Classification of missense variants can be a challenging process, particularly for clinical use. Prediction of their possible cancer association is especially difficult in pleiotropic genes such as BRCA1, where disruption of a specific function or domain may not necessarily affect downstream tumor suppression activity (Shakya et al. 2011). One must therefore be careful to ensure that a loss of function associated with a missense variant correlates with increased predisposition to a given cancer syndrome. In general, the shortcomings of in silico sequence conservation analysis may be described as applying a one- or two-dimensional solution to a much more complex, three-dimensional problem. While some algorithms may incorporate biochemical features or limited structural analysis, these additions were insufficient to overcome the inherent low accuracy in these methods for variant classification in the cancer-risk genes evaluated here. Although a full structural analysis is far more appropriate, this must be carefully undertaken by a trained structural biologist.

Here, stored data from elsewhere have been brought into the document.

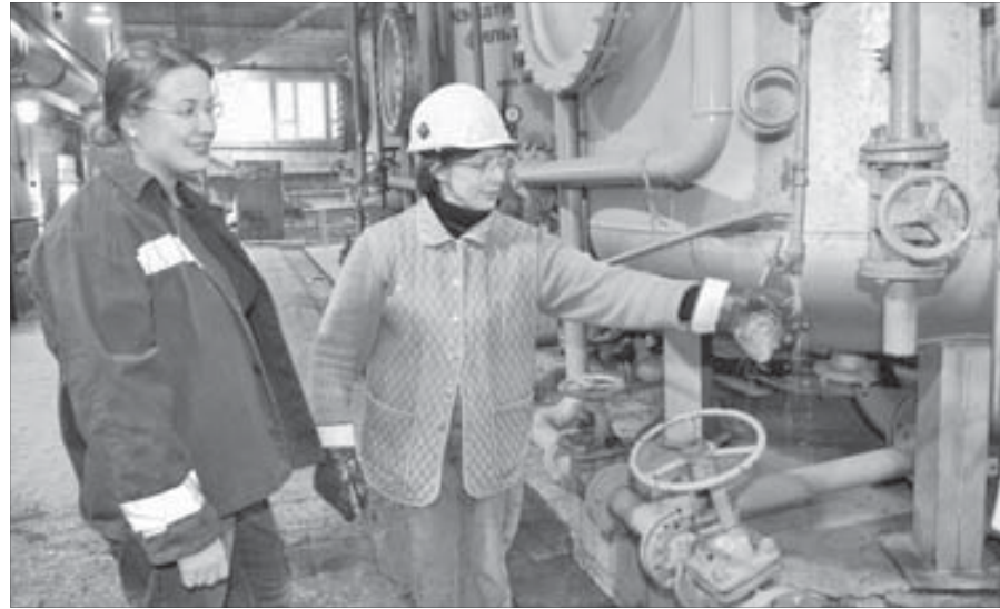
Хозяйский острый женский глаз

Созданное в 1999 году в результате объединения сушильного цеха и цеха производства элементарной серы новое подразделение завода отмечает свой первый юбилей. Если нас спросят, какими были эти десять лет,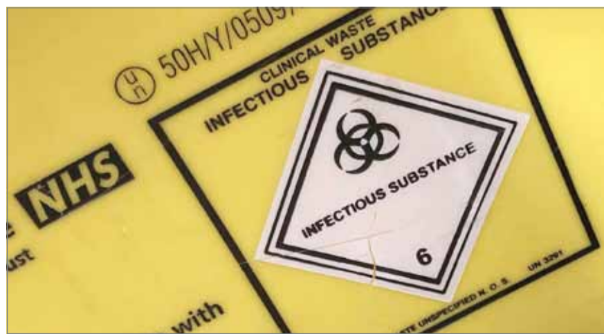
• لافتة على حاوية نفايات في مستشفى لندني

اقتحم رجل يقود سيارة أمس الجمعة، مقهى في العاصمة الألمانية برلين، مما أسفر عن إصابة عدة أشخاص، وفق ما أعلنت شرطة المدينة. وقالت الشرطة الألمانية على حسابها على تويتر، إن الحادث وقع في مقهى بمنطقة تشارلوتنبرغ بالعاصمة برلين. وأضافت الشرطة "تظهر النتائج الأولية لزملائنا في مكان الحادث أن السائق يعاني من مشكلات صحية". ولم تذكر المزيد من التفاصيل. وقال المتحدث باسم الشرطة "لا توجد مؤشرات على عمل إرهابي". وأضاف أن الاحتمال الأرجح أنه حادث نتج عن فقدان السائق التحكم في السيارة بسبب مشكلة صحية.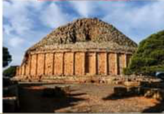
الضريح الملكي (تيبازة)

The low specificity of these methods is of particular concern given the potential for more aggressive medical management strategies including prophylactic surgeries following a false-positive result. Since the primary aim of clinical testing is to provide results to inform medical management, variant classification techniques must reach an exceptionally high level of confidence compared to academic research use. For the purposes of purely academic research, the rates of false-positives and false-negatives are less problematic as long as the results are not applied to patient care. However, to confidently inform a clinical decision, the thresholds for accuracy need to be exceedingly high, well above the average sensitivity/specificity seen in this study (Akobeng 2008). We therefore conclude from this analysis that the error rates of commonly used in silico tools are too high to warrant use as primary evidence to further assess variants of unknown significance in a clinical setting.